Здесь фактически только-только установилась советская власть. Город еще не опомнился от крови, которая лилась здесь реками, когда одна власть сменяла другую, терроризируя население.
«Тот город славился именем Саенки…» – писал позднее Велимир Хлебников в поэме «Председатель Чеки», вспоминая страшного чекиста, чье имя наводило ужас на весь Харьков, и воспроизводил монологи еще одного «рыцаря революции» – следователя Реввоентрибунала Андриевского, помимо своей основной работы пробовавшего силы (а как же иначе – культурный человек!) в театральной режиссуре. Представить Харьков той эпохи помогают следующие строки:
Совершенно нищий и психически нездоровый «будетлянин» встретил имажинистов и молча протянул руку, на которую был надет ботинок. Мариенгоф пожал ботинок. Хлебников этого даже не заметил.
Есенин весело смотрел на Хлебникова, возвышающегося посреди пустой комнаты с единственным табуретом. Будетлянин. Футурист. Председатель Земного Шара. Друг злейшего врага – Маяковского. В висках гудела веселая идея.

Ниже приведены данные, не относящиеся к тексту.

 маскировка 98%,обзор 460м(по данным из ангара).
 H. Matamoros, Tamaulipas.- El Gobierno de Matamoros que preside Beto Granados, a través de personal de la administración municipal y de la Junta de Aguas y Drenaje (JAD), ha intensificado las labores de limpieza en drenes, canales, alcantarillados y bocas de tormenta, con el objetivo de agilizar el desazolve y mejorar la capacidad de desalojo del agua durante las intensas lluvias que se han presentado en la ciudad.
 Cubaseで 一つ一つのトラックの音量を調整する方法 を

– Вы, Велимир Викторович, Председатель Земного Шара!
– Председатель…
– Мы в Харьковском театре всенародно упрочим ваше избрание. Организуем церемониал!

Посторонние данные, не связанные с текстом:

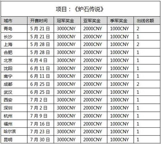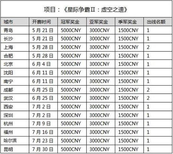 1。全国赛点开赛时间、奖金以及晋级名额如下:
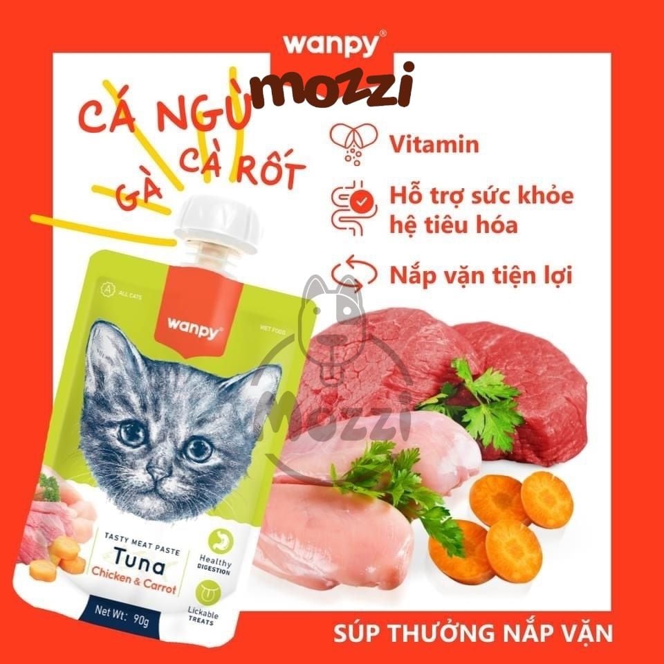 Súp thưởng cho mèo Wanpy có nắp vặn Bịch 90gr

Хлебников, очевидно, плохо понимавший, что происходит, крутился на сцене вокруг собственной оси, поворачиваемый Есениным и Мариенгофом. Те читали акафисты посвящения в Председателя. Как символ – надели на палец «посвященному» кольцо, занятое у Бориса Глубоковского.
После окончания церемонии кольцо было отобрано.
Потом Есенин возмущался: «Хлебников испортил все! Умышленно я выпустил его первым, дал ему перстень, чтобы он громко заявил: „Я владею миром!“ Он же промямлил такое, что его никто не слышал».
Очередное же выступление самого Есенина, как обычно, удалось на славу. В пасхальную ночь он на бульваре, вскочив на скамейку, надрывая голос, читал «Инонию» и «Пан-тократора».
Кругом собралось много людей. Верующие дрожали от негодования. Воздействие этих стихов было посильнее, чем любой похабной антирелигиозной частушки.
– Бей его, богохульника! – раздались крики.
Тут же они были перекрыты грозным ревом матросов-братишек, увидевших в Есенине «своего парня»:
– Читай, товарищ, читай!
Он продолжал читать и дочитался до бурных аплодисментов и подкидываний шапок в воздух.
Он и здесь шел наперекор всему – ситуации, людям, традиционному восприятию привычных вещей. А когда публика набилась в зал Харьковского городского театра и негодующими воплями и свистом встретила стихотворную бредятину Мариенгофа, Есенин, казалось, должен был продолжить скандал и довести его до высшей точки кипения.
Но… «просто невозможно было сердиться на этого светлого, радостного, рассеянно улыбающегося юношу», – вспоминал Эмиль Кроткий. Благостную атмосферу поэт взрывал изнутри. И гасил любой скандал чтением стихов, от которых затихал самый накаленный зал.
* * *
В конце 1919 года вышли наконец отдельным изданием «Ключи Марии». Книга, которая Шершеневичу стояла поперек горла и которую он же из тактических соображений объявил теоретической основой имажинизма. Но после выхода «Ключей» тут же засел за собственную «теорию».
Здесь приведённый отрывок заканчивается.